For U.S. federal income tax purposes, you will be deemed to have received compensation taxable as ordinary income equal to the fair market value, as of the date of vesting, of the shares of Restricted Stock which vest. Such income will be included in your taxable income and reported on IRS Form W-2 in the tax year in which the shares vest. Alternatively, you may elect to have the fair market value of the shares included in your taxable income and reported on IRS Form W-2 as of the Date of Grant.

In addition, all dividends paid, if any, to you with respect to unvested shares of Restricted Stock shall be considered wages paid to you by your employer and, therefore, shall be included in your taxable income and reported on IRS Form W-2 in the year in which such shares vest.

By acceptance of this letter, you agree that any amount which B&W is required to withhold on your behalf, including state income tax and FICA withholding, in connection with income realized by you under this grant will be satisfied by withholding whole units or shares having an aggregate fair market value as equal in value but not exceeding the amount of such required tax withholding, unless the Compensation Committee determines to satisfy the statutory minimum withholding obligations by another method permitted by the Plan.

Regardless of the withholding method, you agree that the amount of income tax which B&W is required to withhold in connection with the income realized by you in connection with this grant is your obligation and that you hereby authorize B&W to withhold such amount, in whole or in part, from subsequent salary payments, without further notice to you.

Transferability

The Restricted Stock granted hereunder are non-transferable other than by will or by the laws of descent and distribution or pursuant to a qualified domestic relations order.

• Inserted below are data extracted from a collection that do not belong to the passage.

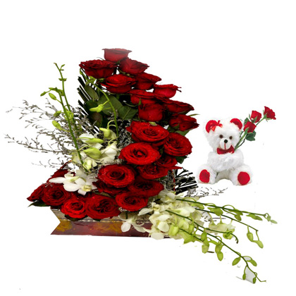 SKU: KEXADCOM 34GALMake Someone Feel Happy With This Lovely Gift Hamper Which Includes 24 Red Roses with 8 Orchids in Basket arrangement and 6" sweet Teddy.
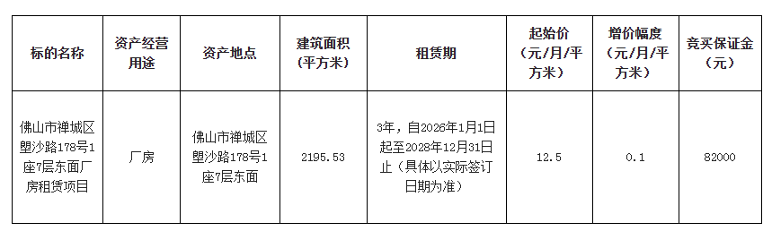 7.优先承租/购买权情况:佛山市金绵制衣有限公司为本项目优先承租权权利人。
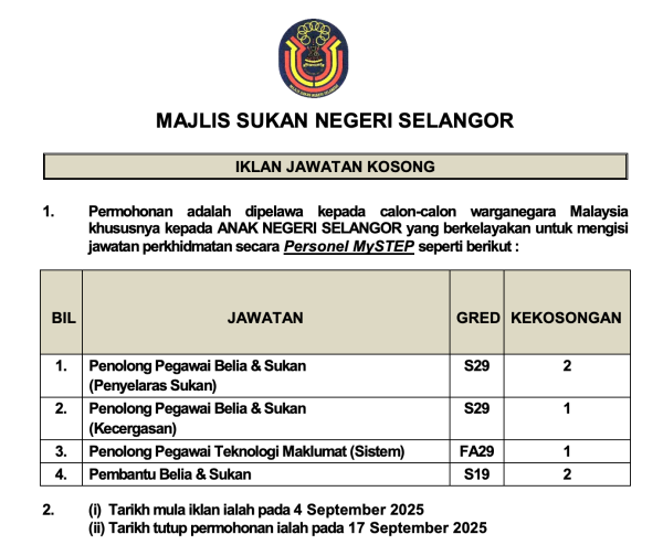 Iklan Kini Jawatan Kosong Majlis Sukan Negeri Selangor (MSN Selangor) Like serta Ikut Facebook Kami, follow Chanel WhatsApp Jawatan Kosong & Telegram Portal SPA9 untuk capaian pantas kekosongan jawatan daripada kami sekarang. Klik Iklan Disini
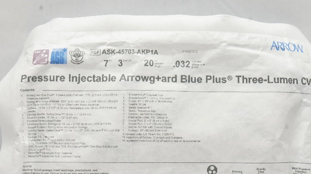 - Arrow ASK-45703-AKP1A Pressure Injectable Three-Lumen CVC 7Fr x 20cm x .032in(x)
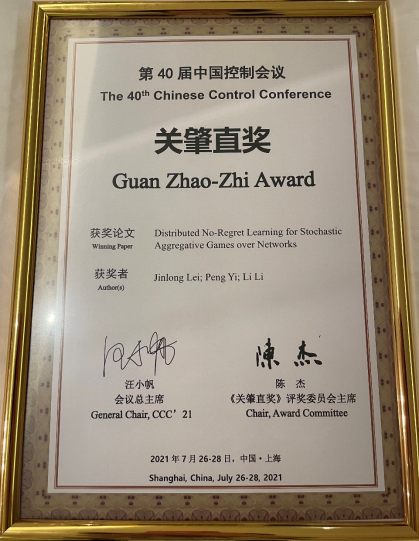 2021年7月28日,开云官网控制科学与工程系青年教师雷金龙研究员与衣鹏研究员、李莉教授合作的论文“Distributed No-Regret Learning for Stochastic Aggregative Games over Networks”在上海松江举办的第40届中国控制会议(The40th Chinese Control Conference, CCC2021)中荣获第27届“关肇直奖”。
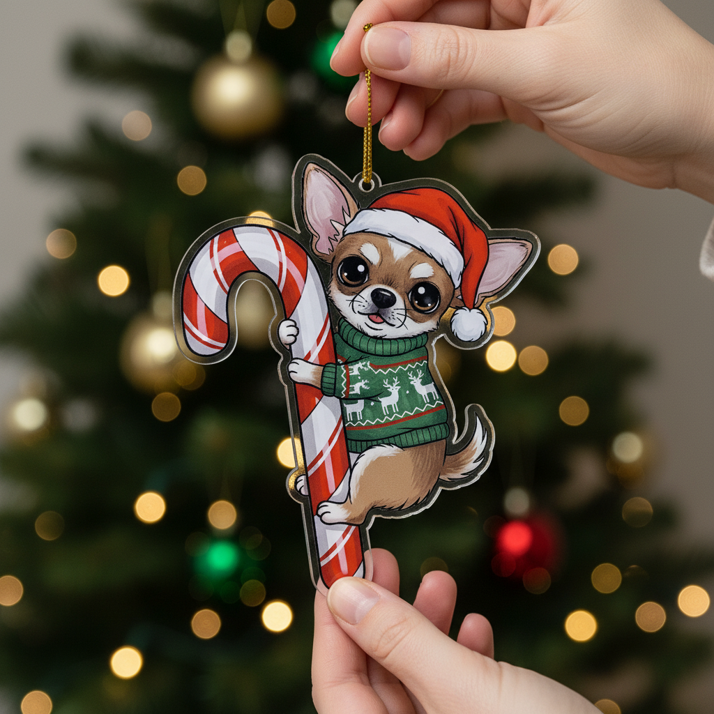 Select Options: Chihuahua Hugging Candy Cane Ornament 2D Flat Acrylic Ornament - Christmas Tree Decoration, Gifts for Dog Lovers 2025
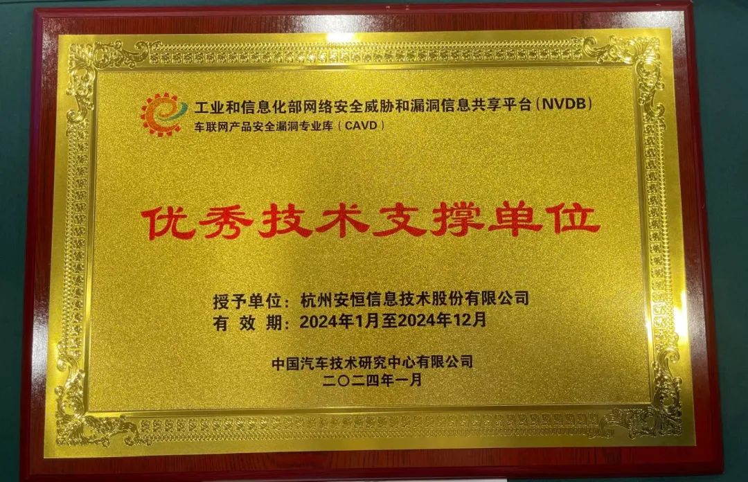 安恒信息獲頒工信部車聯(lián)網(wǎng)產(chǎn)品安全漏洞專業(yè)庫優(yōu)秀技術(shù)支撐單位
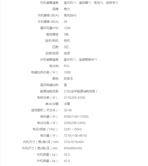 格力·凉之爽变频冷暖3匹3级能效柜机 KFR-72LW/(72509)FNhAb-B3(WIFI)(奶茶玉)
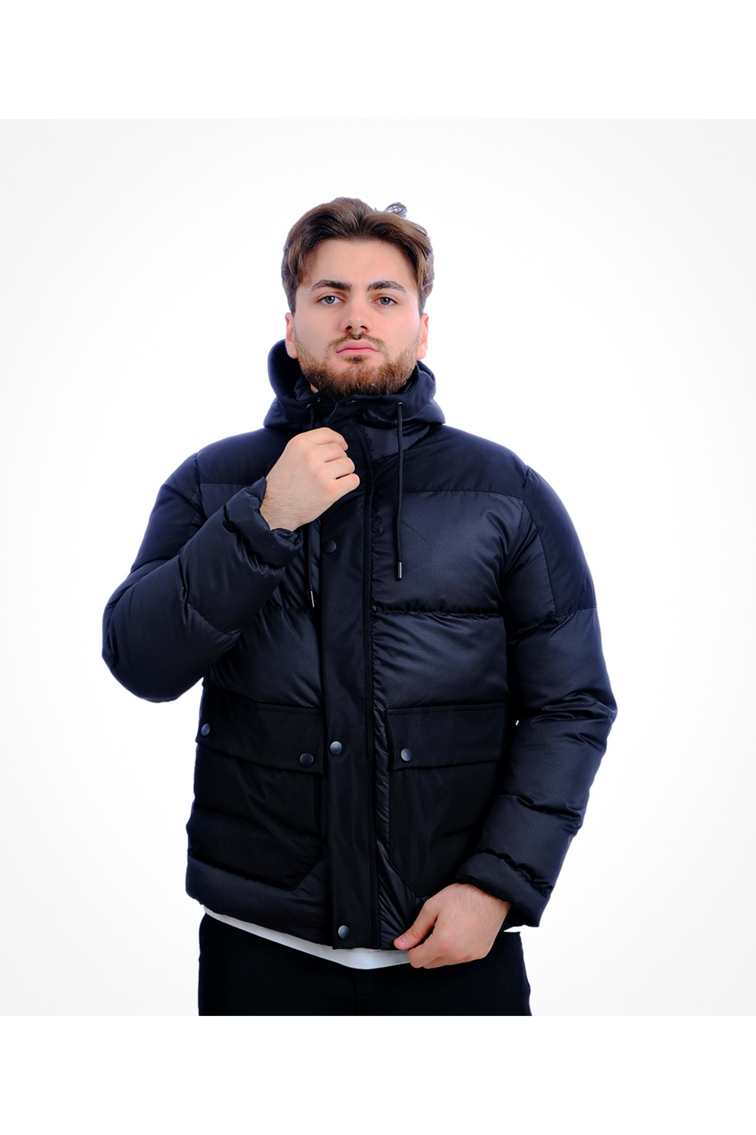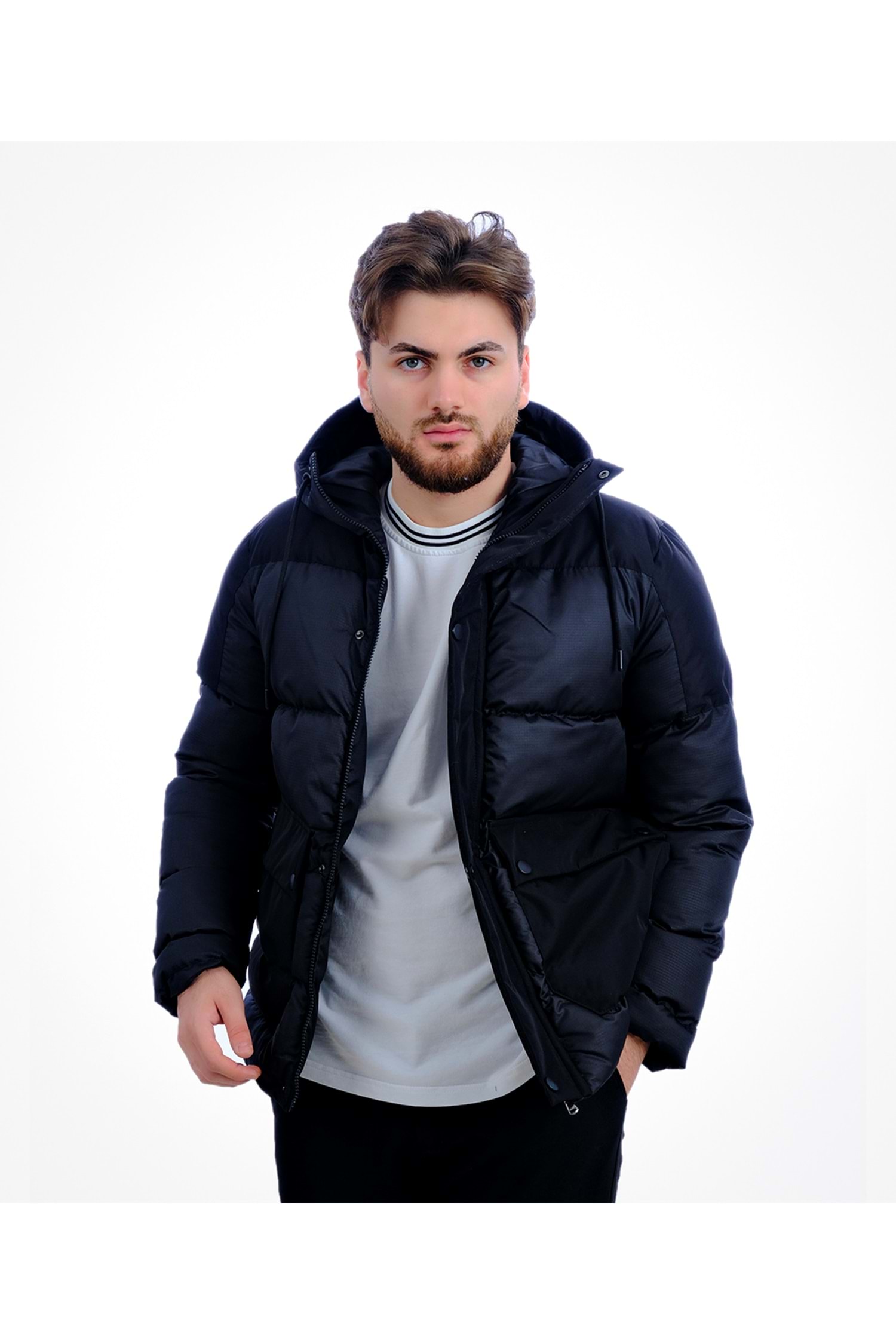 Czk Siyah Dolum Monza Şapkalı Kışlık Erkek Mont
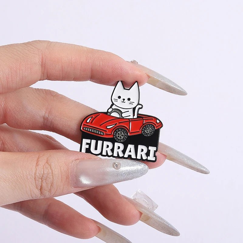 Combine your love of cats and cars with this adorable white cat driving a sports car enamel pin. A humorous and trendy accessory for cat and car enthusiasts!
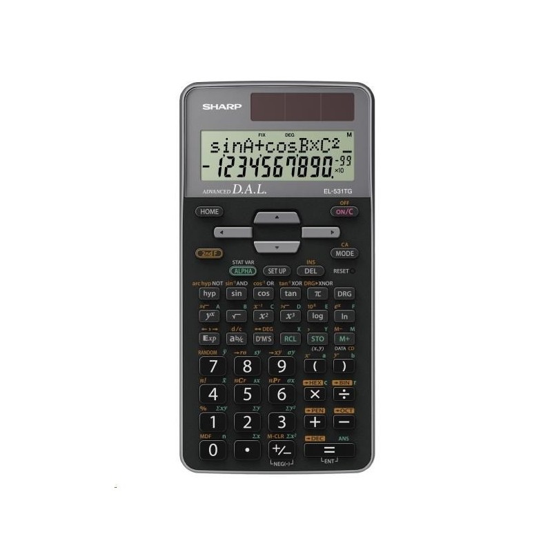 Vědecký kalkulátor EL-531TG obsahuje 273 matematických funkcí a je vhodný zejména pro studenty středních škol. Má solární napajení se záložní baterií, přehledný 2řádkový displej a pevný plastový kryt, který chrání kalkulátor před poškrábáním a pády.
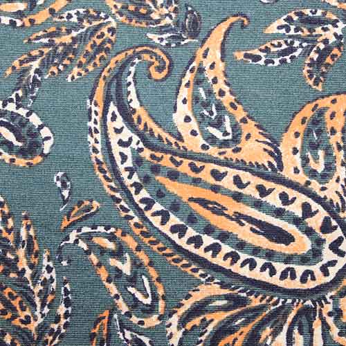 Tela de punto de invierno con estampado de cachemir – Verde esmeralda y tonos naranjas
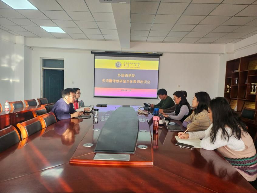 为提升英汉翻译教研室的教学质量,对现有人才培养体系进行更为精细化的优化与升级,12月17日上午,外国语学院在学院会议室召开多语翻译教研室全体教师座谈会。
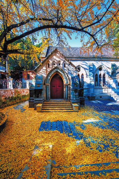 教堂門前有一棵古銀杏樹,枝繁葉茂,形似巨傘,一年四季為教堂和行人遮風(fēng)擋雨,默默付出。很多人喜歡石厝教堂,其實(shí)更喜歡的是它門口一直陪伴著的那棵銀杏樹,也是福州市區(qū)唯一棵老銀杏樹,到了秋冬,這棵銀杏立刻換去綠衣,身披金裝,給游客展現(xiàn)出一片秋意濃濃的景象。這棵銀杏與教堂相守百年,經(jīng)歷了清朝的風(fēng)、民國的雨和新中國的陽光,目睹歲月的變遷,見證了煙臺(tái)山昔日的滄桑和如今的輝煌,儼然形成了具有煙臺(tái)山人文氣質(zhì)的銀杏樹,成了福州市區(qū)唯一一棵被定為一級(jí)保護(hù)古樹名木的銀杏。
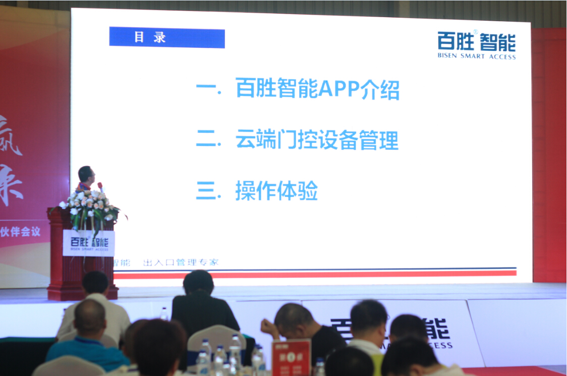 百勝智能佛山營(yíng)銷中心汪志平總經(jīng)理,作為公司代表,在會(huì)場(chǎng)公布了“36V直流無(wú)刷開門機(jī)智能系統(tǒng)合作伙伴計(jì)劃”。

Securities and Exchange Commission Requirements

If you are a Section 16 insider, this grant of Restricted Stock must be reported on a Form 4 before the end of the second (2nd) business day following the Date of Grant. Please be aware that if you are going to reject the grant of Restricted Stock hereunder, you should do so immediately after the Date of Grant to avoid potential Section 16 liability. Please advise Kathy Peres and Angela Winter immediately by e-mail, fax or telephone call if you intend to reject this grant.

Absent such notice of rejection, we will prepare and file the required Form 4 on your behalf, as applicable, within the required two business day deadline.

Those of you covered by these requirements will have already been advised of your status.

Other Information

Neither the action of B&W in establishing the Plan, nor any action taken by it, by the Committee or by your employer, nor any provision of the Plan or this Agreement shall be construed as conferring upon you the right to be retained in the employ of B&W or any of its subsidiaries or affiliates.